Records from a data collection ::
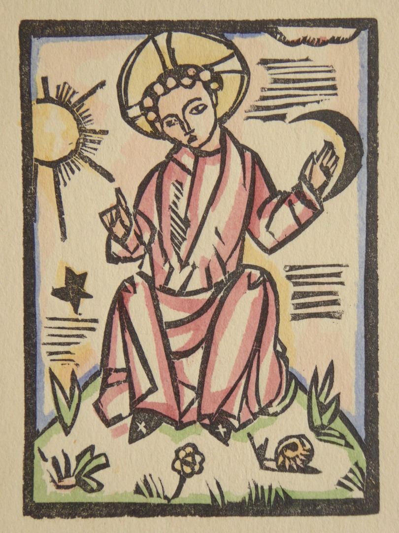 Christus zittend tussen zon en maansikkel, met slak aan Zijn voeten
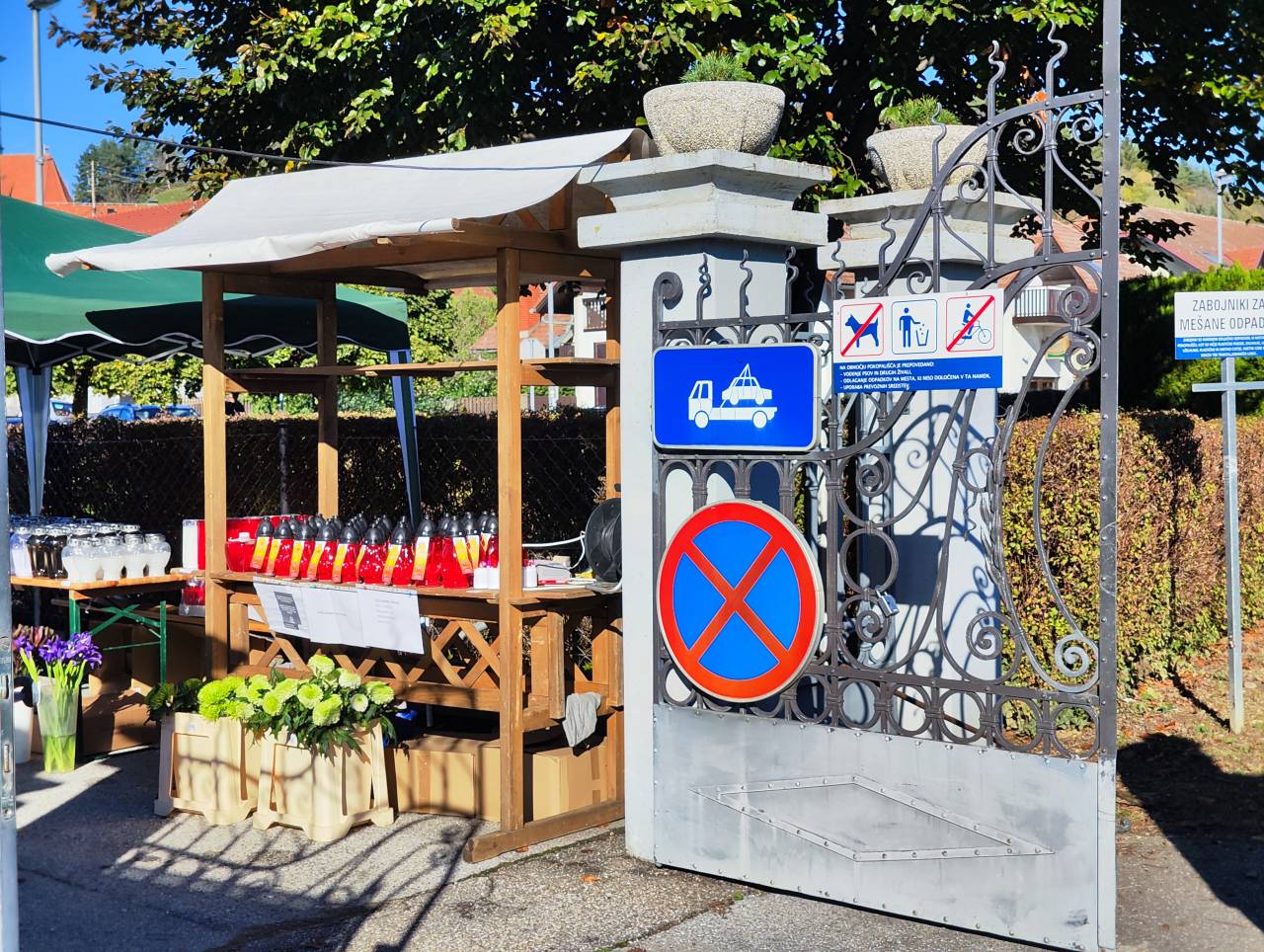 Pred večjimi pokopališči pa lahko zraven standardne ponudbe sveč in cvetja kupimo tudi sladkarije, Turški med, lizike, sladkorno peno, domače medenjake, karamelizirana jabolka, tudi kostanje …
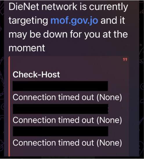 Image 2. Message on DieNet’s official group on Telegram, sent on the 3rd of March, where the group claims the targeting of Jordan’s Ministry of Finance’s website.
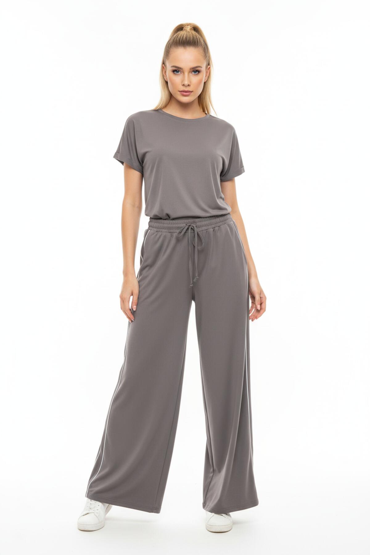 Kadın Yanları Biyeli Cepli Bol Paça Pantolon Gri
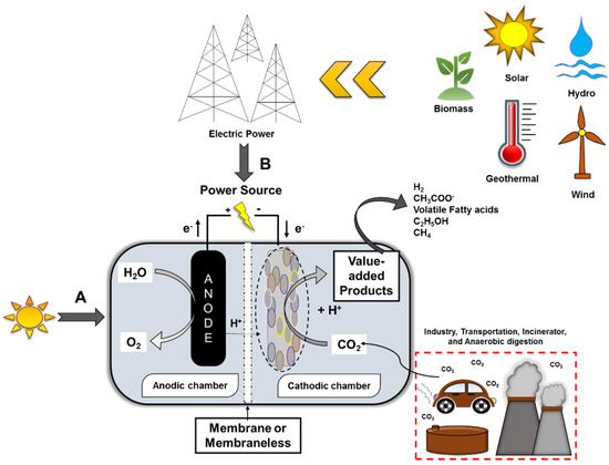 Carbon dioxide is naturally abundant (about 0.03% to 0.04%) in the atmosphere and is eventually responsible for the ecological balance of the ecosystem [1,2]. However, the ever-increasing population and the energy demands have led to changes in the natural cycles of greenhouse gases (including CO2). Industrial emissions and the misuse of fossil fuels have led to about a 40% upsurge in the total atmospheric CO2 and about a 78% rise in the greenhouse gases concentration from 1990 to 2016. Hence, the accumulation of carbon dioxide has led to absorption and re-emission of heat, attributing to an additional warming of the planet [2,3,4,5,6,7]. The changes in the land-use practices predominantly, deforestation and more use of agricultural land, cement production, use of fossil fuels for energy generation and transportation are the major factors contributing to the carbon emissions [3,4,5,6]. CO2 can be captured and converted into carbon-neutral value-added products via microbial electrosynthesis (MES) [8].
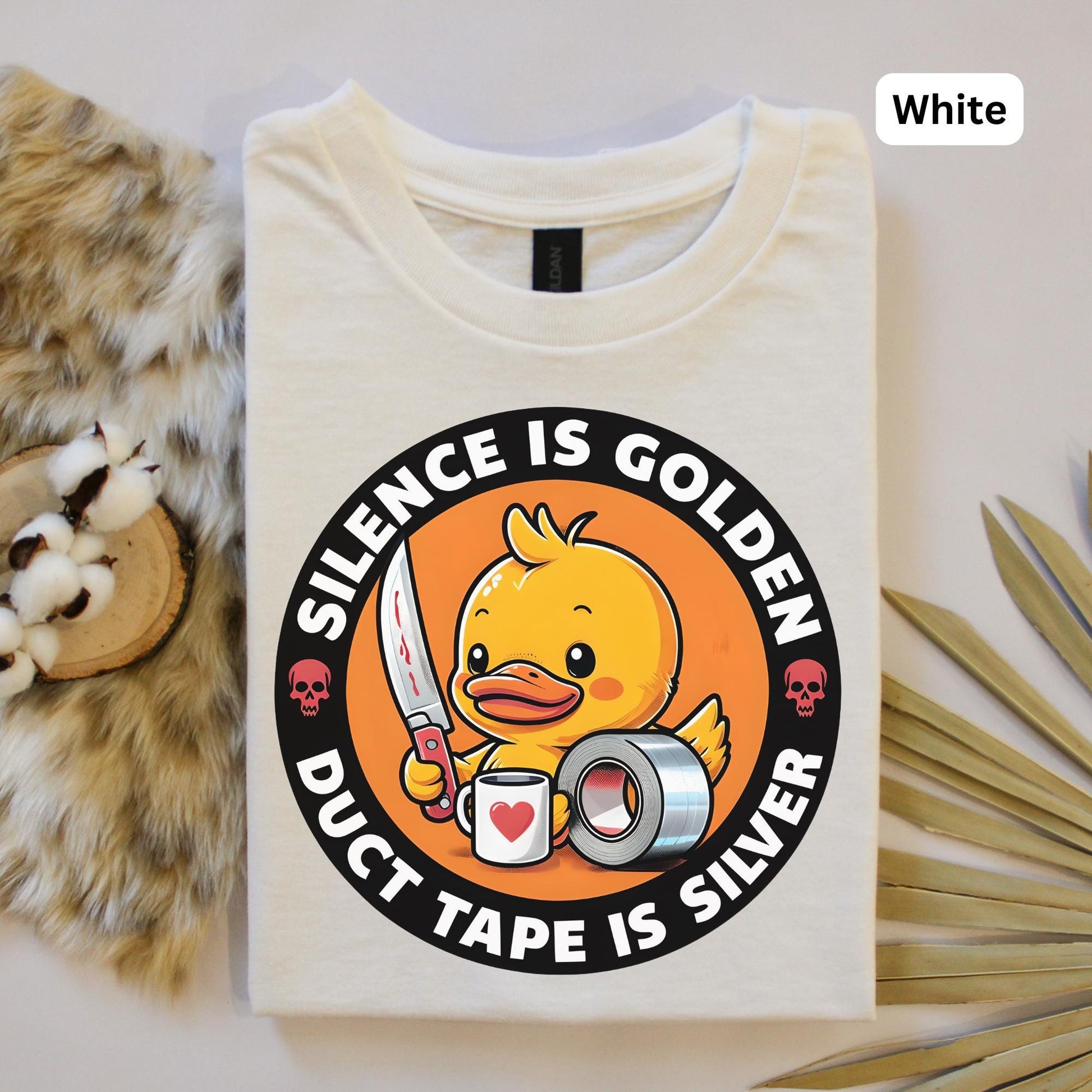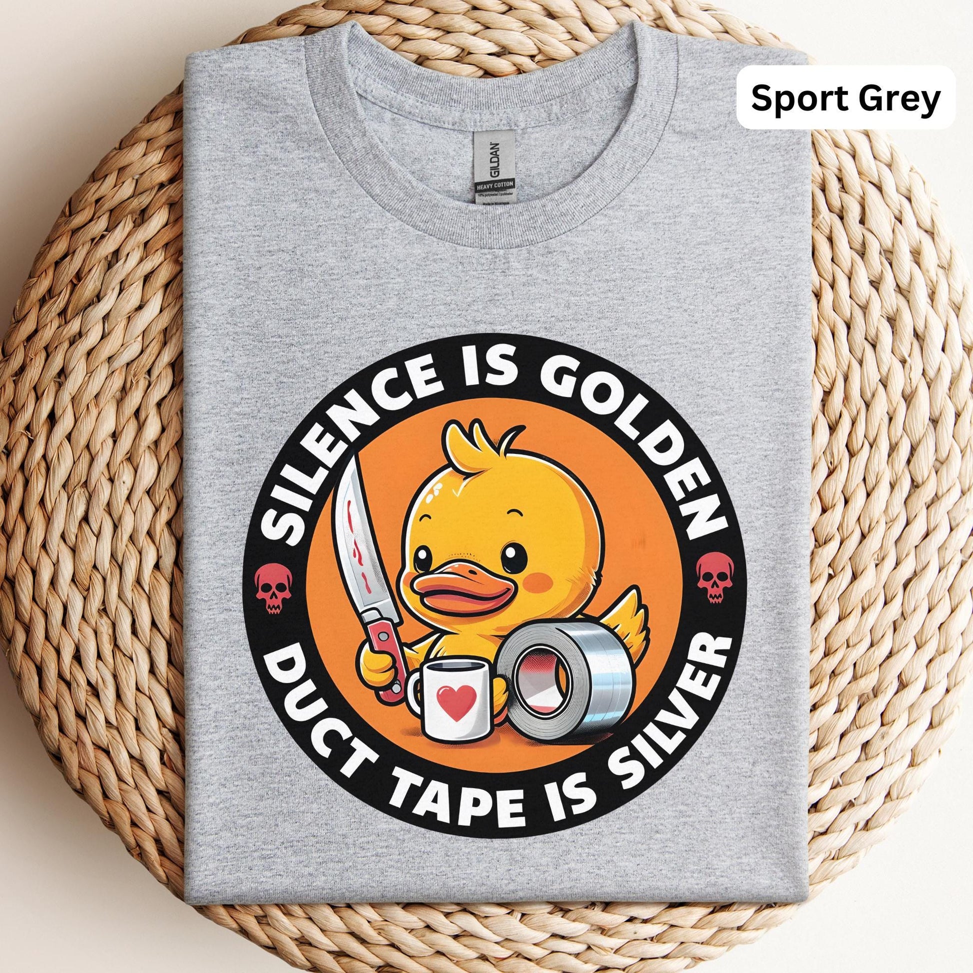 Make a statement with our "Silence Is Golden, Duct Tape Is Silver" shirt, a perfect blend of adult humor and quirky charm that every duck lover will appreciate! This funny animal shirt not only brings a smile but also sparks conversations—grab yours today and wear your wit proudly!
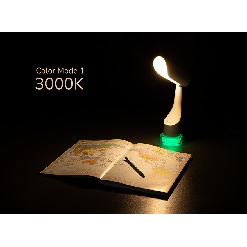 Светодиодна настолна лампа с вградена Li-Ion батерия. Тялото е с обща мощност 7W, иновативен дизайн, с възможност за промяна типа на светлината, разполага с функция димиране и има следните предимства:
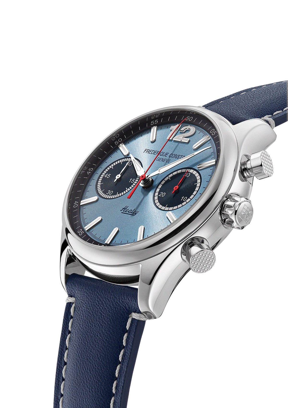 Limitato a 1.888 esemplari, questo cronografo sportivo si presenta con una cassa in acciaio da 42 mm e un fondello aperto. montato su un cinturino in pelle di vitello blu marine con impunture a contrasto, il modello si caratterizza per un design duale: due colori (blu sole sul quadrante e blu marine sul réhaut), due contatori (piccoli secondi a ore 9 e 30 minuti a ore 3) e due pulsanti, che ne sottolineano il carattere deciso.

PROBLEM STATEMENT ::
Please copy the data above exactly, omitting the pictures.

OUTPUT OF THE EXERCISE ::
 Christus zittend tussen zon en maansikkel, met slak aan Zijn voeten
 Pred večjimi pokopališči pa lahko zraven standardne ponudbe sveč in cvetja kupimo tudi sladkarije, Turški med, lizike, sladkorno peno, domače medenjake, karamelizirana jabolka, tudi kostanje …
 Image 2. Message on DieNet’s official group on Telegram, sent on the 3rd of March, where the group claims the targeting of Jordan’s Ministry of Finance’s website.
 Kadın Yanları Biyeli Cepli Bol Paça Pantolon Gri
 Carbon dioxide is naturally abundant (about 0.03% to 0.04%) in the atmosphere and is eventually responsible for the ecological balance of the ecosystem [1,2]. However, the ever-increasing population and the energy demands have led to changes in the natural cycles of greenhouse gases (including CO2). Industrial emissions and the misuse of fossil fuels have led to about a 40% upsurge in the total atmospheric CO2 and about a 78% rise in the greenhouse gases concentration from 1990 to 2016. Hence, the accumulation of carbon dioxide has led to absorption and re-emission of heat, attributing to an additional warming of the planet [2,3,4,5,6,7]. The changes in the land-use practices predominantly, deforestation and more use of agricultural land, cement production, use of fossil fuels for energy generation and transportation are the major factors contributing to the carbon emissions [3,4,5,6]. CO2 can be captured and converted into carbon-neutral value-added products via microbial electrosynthesis (MES) [8].
 Make a statement with our "Silence Is Golden, Duct Tape Is Silver" shirt, a perfect blend of adult humor and quirky charm that every duck lover will appreciate! This funny animal shirt not only brings a smile but also sparks conversations—grab yours today and wear your wit proudly!
 Светодиодна настолна лампа с вградена Li-Ion батерия. Тялото е с обща мощност 7W, иновативен дизайн, с възможност за промяна типа на светлината, разполага с функция димиране и има следните предимства:
 Limitato a 1.888 esemplari, questo cronografo sportivo si presenta con una cassa in acciaio da 42 mm e un fondello aperto. montato su un cinturino in pelle di vitello blu marine con impunture a contrasto, il modello si caratterizza per un design duale: due colori (blu sole sul quadrante e blu marine sul réhaut), due contatori (piccoli secondi a ore 9 e 30 minuti a ore 3) e due pulsanti, che ne sottolineano il carattere deciso.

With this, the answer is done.